Furthermore, we conduct ablation experiments to verify the importance of perceived loss and adversarial loss for the experimental results. As shown in Table 6, when the perceived loss is used alone as the loss function in the experiment, the overfitting occurs and the generated image is pixelated. In addition, if the adversarial loss is used alone in the experiment, the PSNR of the generated image is generally between 20 and 21, which is significantly lower than the original one. Therefore, both the perceived loss and the adversarial loss in the experiment are of significance to ensure the integrity and accuracy of the experimental results.
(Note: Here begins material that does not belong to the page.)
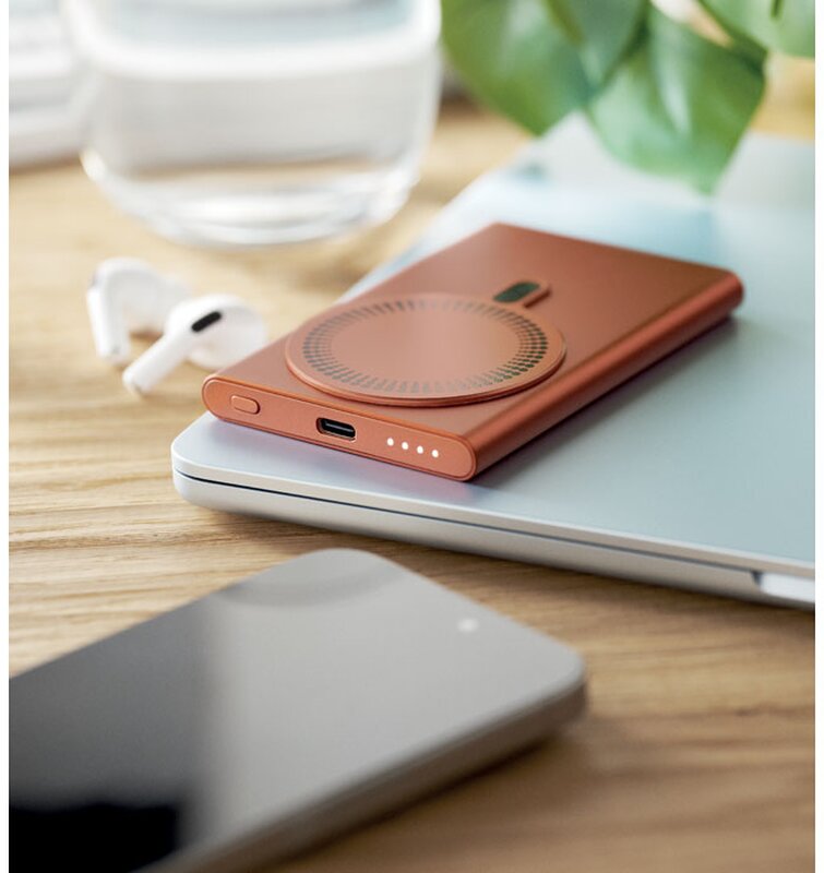 Magnetická bezdrátová nabíječka (15W) a powerbanka (5000 mAh) Oranžová 052.054

Dataset | Delete the loss function | SRCNN | SRGAN | ESRGAN | ADGAN | MFGAN (proposed) |
---|---|---|---|---|---|---|
CIFAR-100 | Adversarial loss | Error | Error | Error | Error | Error |
Perceived loss | 19.57 | 20.44 | 20.23 | 20.19 | 20.80 | |
VOC2012 | Adversarial loss | Error | Error | Error | Error | Error |
Perceived loss | 19.89 | 20.43 | 20.42 | 20.11 | 20.52 | |
BSD100 | Adversarial loss | Error | Error | Error | Error | Error |
Perceived loss | 20.06 | 20.66 | 20.39 | 20.81 | 20.78 |
5. Conclusion and Future Work
In my paper, we propose a GAN-based method, which is enabled to combine image denoising with image super-resolution reconstruction for image processing. The proposed method improves the residual network in SRGAN and increases the receptive field by adding the idea of multiscale fusion. Moreover, the activation function is selected and the problem of neuron death is solved by the method. Furthermore, we also design the loss function to improve the discriminator and the accuracy of the generated image.
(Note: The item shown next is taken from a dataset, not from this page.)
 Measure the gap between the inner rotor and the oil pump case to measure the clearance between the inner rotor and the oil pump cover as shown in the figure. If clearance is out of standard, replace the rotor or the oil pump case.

In practice, multiple types of noises coexist with each other. When the image is severely interfered by various types of noises, the performance of the proposed model may be affected. Therefore, it is required to improve the model for the scenario with different noises in future work. For example, the coefficient ratio of the perception loss and the counter loss should be studied. How to intelligently determine the appropriate loss coefficient ratio according to noises is required to be solved as well. In addition, the introduced Inception structure leads to a long computational delay for the model training. Hence, it is worth investigating the method to improve the training speed in the future.
Conflicts of Interest
The authors declare no conflicts of interest.
Acknowledgments
This work was supported in part by the National Natural Science Foundation of China under Grants 62172192 and 61772241; in part by the Science and Technology Demonstration Project of Social Development of Jiangsu Province under Grant BE2019631; and in part by the 2018 Six Talent Peaks Project of Jiangsu Province under Grant XYDXX-127.
Open Research
Data Availability
The datasets used to support the findings of this study are available from the corresponding author upon request.